A push toward a prolonged federal eviction ban is forming in the U.S. Senate too. In late June, Sen. Elizabeth Warren (D-Mass) proposed a bill enforcing a year-long halt on renter displacements to last through March 2021. The current policy covers only multifamily properties with government-secured mortgages. Sen. Warren’s plan encompasses most renter households impacted by Covid-19.

Depending on the level of unemployment and government stimulus, The Aspen Institute estimates that 19 to 23 million of renters, or one in five of the 110 million Americans who live in renter households, are at risk of eviction by the end of September. Eviction proceedings have already restarted in dozens of states; some of the court hearings even held over Zoom.

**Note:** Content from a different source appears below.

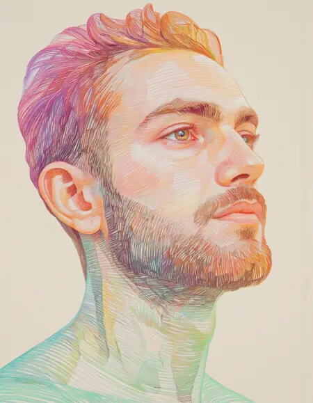 Ferreyraは、小さな多色の幾何学的断片を用いて、複雑で表現豊かな画像を構築する独自の視覚言語を確立しました。彼の作品は、知覚やデジタルアイデンティティといったテーマを探索し、自身が「現代の複雑なデジタル時代」と呼ぶものを反映しています。2000年代初頭以来、彼は視覚的フィールドを解体するスタイルを洗練させ、顔や人物が層状の色塊と方向性のあるハッチマークを通じて浮かび上がり、古典的な優雅さと現代的な抽象性を両方呼び起こしています。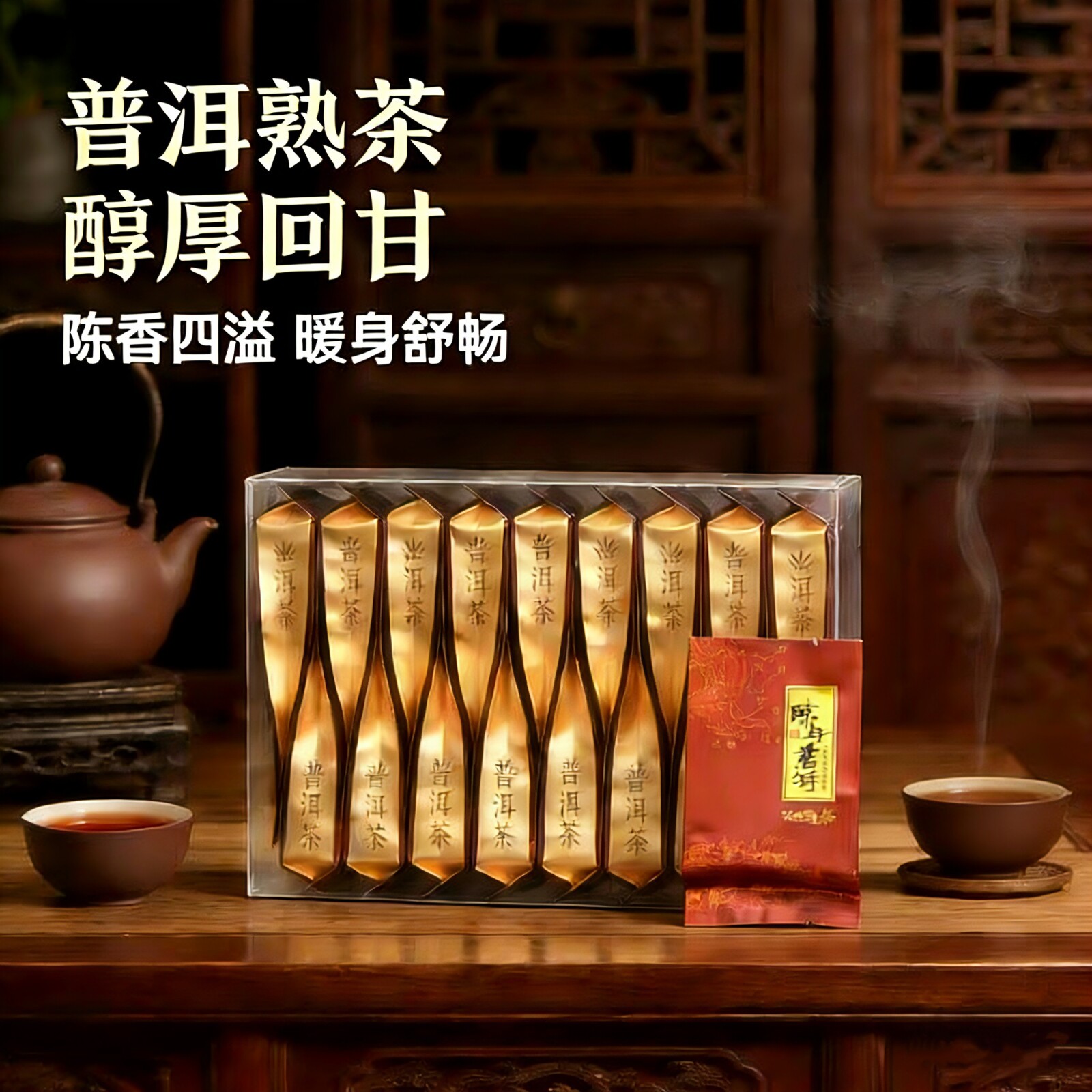 宫明茶叶 云南普洱茶熟茶糯米香小金砖普洱熟茶小圆饼320克礼盒装

A joint survey by NAA and the Institute of Real Estate Management conducted in early June, however, found that only up to 10% of residents would face an eviction due to rent nonpayment if no bans existed at that time. The figure, however, is based only on 81 responses from the two organizations’ memberships (NAA boasts thousands of members among roughly 150 affiliate organizations).

“It won’t be a wave of evictions,” Pinnegar says. “[Eviction halts] do nothing to address the underlying financial crisis facing renters and property owners alike, and in fact interrupt the cash flow necessary to operate the rental housing that 43 million Americans live in.”

Pinnegar adds, “If the crisis is not properly managed, through direct assistance for renters and a level playing field with regard to mortgage forbearance, we could lose rental housing units that would be lost in foreclosure and not return to the market as rentals. [This] would aggravate an already fragile market as a result of the housing affordability crunch due to barriers preventing enough housing to be built.”